A CONSERVATIVE MP has demanded changes to the law on food labelling, claiming it is the nation’s right to eat plain British bangers “stuffed full of bread” instead of garlic filled foreign sausages.

Jacob Rees-Mogg told the House of Commons yesterday that when he is back in his North East Somerset constituency he wants to know that his meat really is from “God’s own county”.

Food is often stamped “produced in Britain” but the meat contained in products such as pork pies or ready meals could be from overseas and simply assembled in this country, a practice Mr Rees-Mogg wants stopped.

His demands also extended to protecting Yorkshire puddings, which he said the “continentals” would have “no clue” how to make.

Mr Rees-Mogg told MPs he would “not like a German sausage at all – they are much too spicy and flavoured for my taste”.

He said: “We want our right to eat our sausages stuffed full of bread and things like that, because when they are, they taste nice.

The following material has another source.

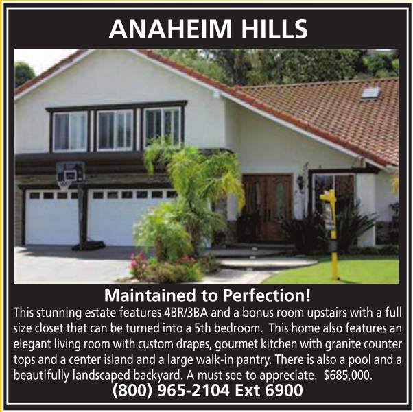 ANAHEIM HILLS Maintained to Perfection! This stunning estate features 4BR/3BA and a bonus room upstairs with a full size closet that can be turned into a 5th bedroom. This home also features an elegant living room with custom drapes, gourmet kitchen with granite counter tops and a center island and a large walk-in pantry. There is also a pool and a beautifully landscaped backyard. A must see to appreciate. $685,000. (800) 965-2104 Ext 6900

We do not want all this garlic and stuff that we get in foreign sausages.

“We really need to know that information, so that we can get the food that we want, like and love – ideally the food from Somerset, where the grass is of particularly high quality.

“Those who understand the digestion of cattle will realise that if the grass has the right flavour, and the water that falls is the best-quality rain, only to be found in Somerset, the meat and its marbling develops in a particular way.

“When one looks at a piece of meat in a farm shop, like the farm shop that I used to live next door to, it has a quality that makes one look forward to one’s Sunday lunch with some Yorkshire pudding – I know that is not meat, but it would be most upsetting to think that one’s Yorkshire pudding came from the continentals.

“I am sure that they have no clue how to make it.”

The Tory MP, elected last May, also called for canine products to also be more clearly labelled “so that the great dogs of England, Scotland, Wales and Northern Ireland do not mistakenly consume foreign-produced dog food”.

During the Commons debate Mr Rees-Mogg also said he had discussed whether Christians could eat halal meat – from animals slaughtered by a single cut to the throat in accordance with Islamic law – with the Bishop of Bath and Wells, the Right Reverend Peter Price.

The issue was raised with him by Canon John Baker, of Midsomer Norton, who feared it would be in breach of a Christian’s obligations, as set out in the Acts of the Apostles, to eat food blessed in honour of gods.

Mr Rees-Mogg said: “Members will be reassured to know, when they buy their meat, that whether it is halal or not, labelled or not, it is still perfectly legitimate to eat.”

Environment minister Richard Benyon said the Government was working with Europe to change labelling rules.